A Decade in the Making
Founded in 2016, Flutterwave was born out of a straightforward frustration: sending money from Lagos to Accra often required routing funds through New York, making cross-border transfers slow and expensive. In some cases, physically carrying cash was faster than using formal channels.
A decade later, the company has processed over $40 billion in transactions and facilitated more than one billion payments. It holds over 50 licenses across 35 countries, a regulatory footprint it has described as making it the most licensed non-bank fintech company in the world. The operative phrase, as of today, is “non-bank.” That qualifier no longer applies in Nigeria.
The timing is also notable. The banking license arrives just months after Flutterwave’s acquisition of Mono, a Nigerian open banking infrastructure startup, in an all-stock deal valued at up to $40 million. Mono’s platform enables secure access to financial data, identity verification, and account-to-account payments — exactly the kind of infrastructure that becomes more powerful when combined with a banking license. The two moves together suggest a deliberate sequencing: acquire the data layer, then get the license to act on it.
Stablecoins, Open Banking, and What Comes Next
The banking license doesn’t exist in a vacuum. Flutterwave has been building toward a more vertically integrated future on multiple fronts simultaneously.

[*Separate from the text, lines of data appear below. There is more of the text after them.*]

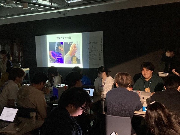 隣の教室で行われていた「食品の安全と衛生」の授業では、手洗いに関する実験が行われていました。
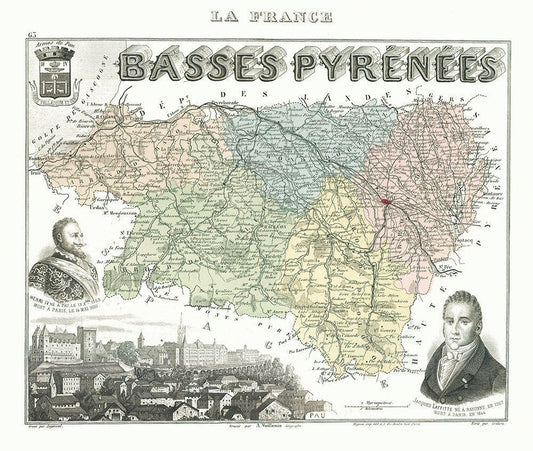 Basses Pyrenees Department France - Migeon 1869 White Modern Wood Framed Art Print with Double Matting by Migeon
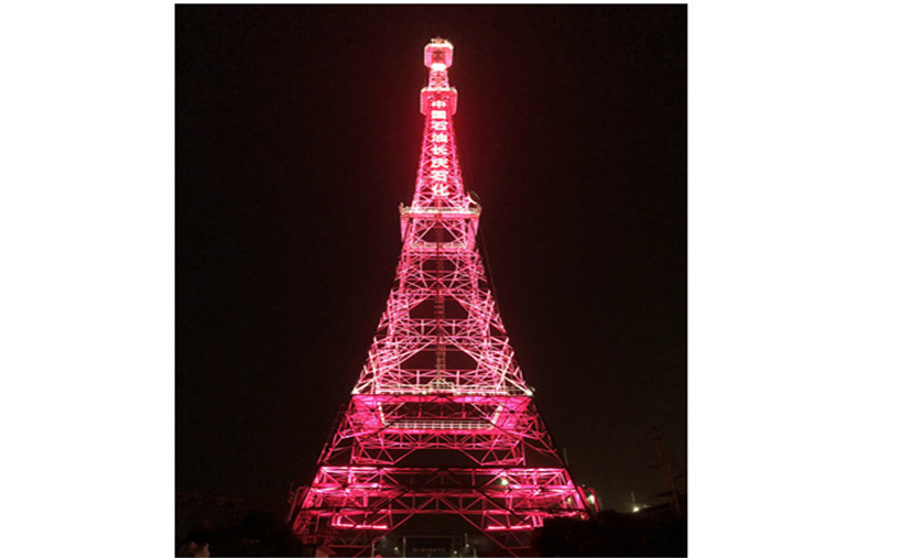 長慶石化廠區(qū)大門上方正好是長慶石化的通訊塔,該通訊塔承擔(dān)著重要的通訊傳輸任務(wù),但該通訊塔功能單一,沒有任何裝飾性的東西,特別是在夜間更顯不出其重要作用。
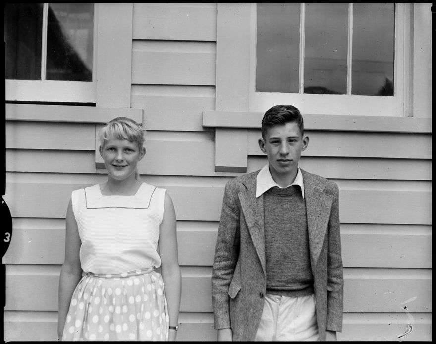 [Photograph of Duxes of City and District Schools: C. Rowland and V. Hansen standing outside their school (unknown)."

In late 2025, the company announced a partnership with Polygon Labs to develop a stablecoin-based cross-border payment product, using USDC as the primary settlement asset and targeting enterprises before rolling out to consumer remittances. With a banking license, those stablecoin settlement ambitions take on a new dimension — Flutterwave can potentially serve as both the infrastructure provider and the regulated counterparty in those transactions.

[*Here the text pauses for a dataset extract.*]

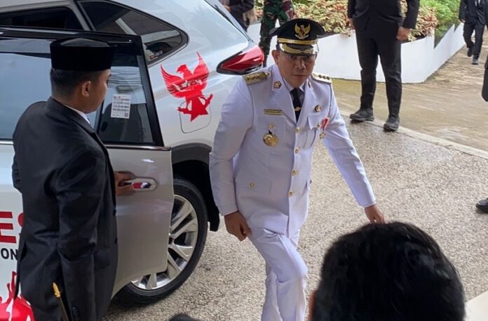 Namun, ada satu momen yang mencuri perhatian. Yaitu mobil dinas sederhana Bupati Andi Rudi Latif yang dihiasi branding merah putih dan logo resmi 80 Tahun Kemerdekaan RI.

The CBN has also named Flutterwave as one of six entities in the initial phase of its AML/CFT supervision pilot for virtual asset service providers, alongside Paystack, KuCoin, and others — a signal that regulators are taking seriously the company’s growing role at the intersection of traditional payments and digital assets.

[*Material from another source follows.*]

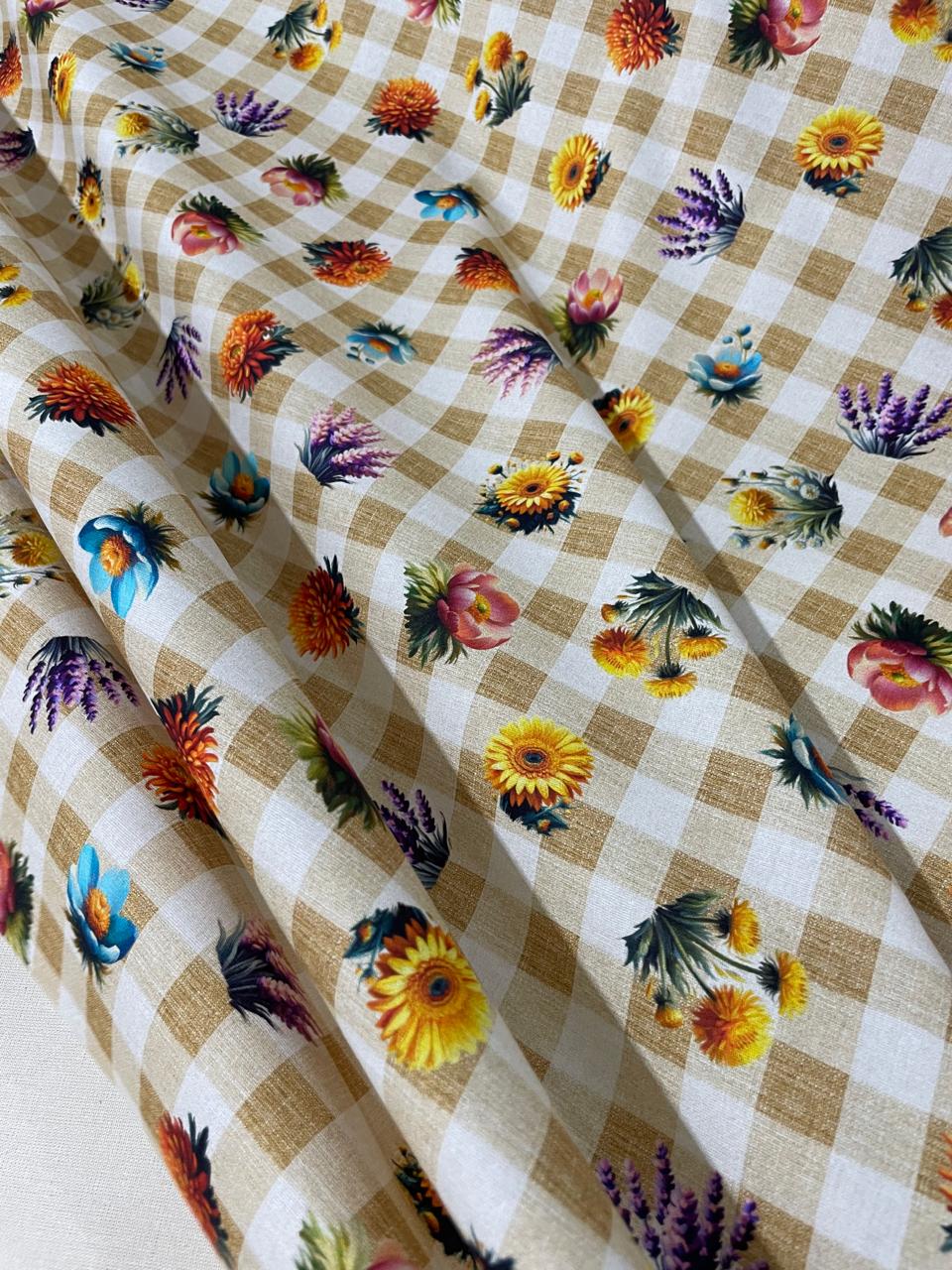 Utilização do produto: Vestuário, artesanato, decoração, barrados de toalha de mesa e panos de prato, jogos americanos, trilhos, etc. A tricoline de algodão tem muita durabilidade e cores firmes, é amplamente utilizada no vestuário e decoração da casa. A estampa de flores sobre xadrez bege é super alegre e muito bonita! Experimente e veja como esta estampa fica bonita nas roupas infantis, papéis de parede, barrados de toalhas de banho, enxovais, toalhas de mesa, guardanapos e barrados. toalhas de banho, enxovais, toalhas de mesa, guardanapos e barrados.

Meanwhile, Flutterwave’s client network continues to expand into adjacent verticals. Its partnerships with infrastructure startups like Kulipa — which uses Flutterwave’s rails to issue stablecoin-powered payment cards — illustrate how the company sits at the center of an increasingly layered African fintech ecosystem.
The Competitive Landscape Just Got More Interesting
For Nigeria’s incumbent banks, Flutterwave’s banking license is a serious signal. The company already processes a material share of the country’s digital payment volume; it now has the regulatory standing to compete for deposits and lending relationships that were previously the exclusive domain of commercial banks.
For the broader African fintech ecosystem, the move raises an obvious question: is Flutterwave becoming a platform that others build on, or a competitor to the very companies that rely on it? The answer, increasingly, looks like both.
What is clear is that after ten years of building in the background, Flutterwave is no longer content to be the invisible infrastructure. It wants to be the bank.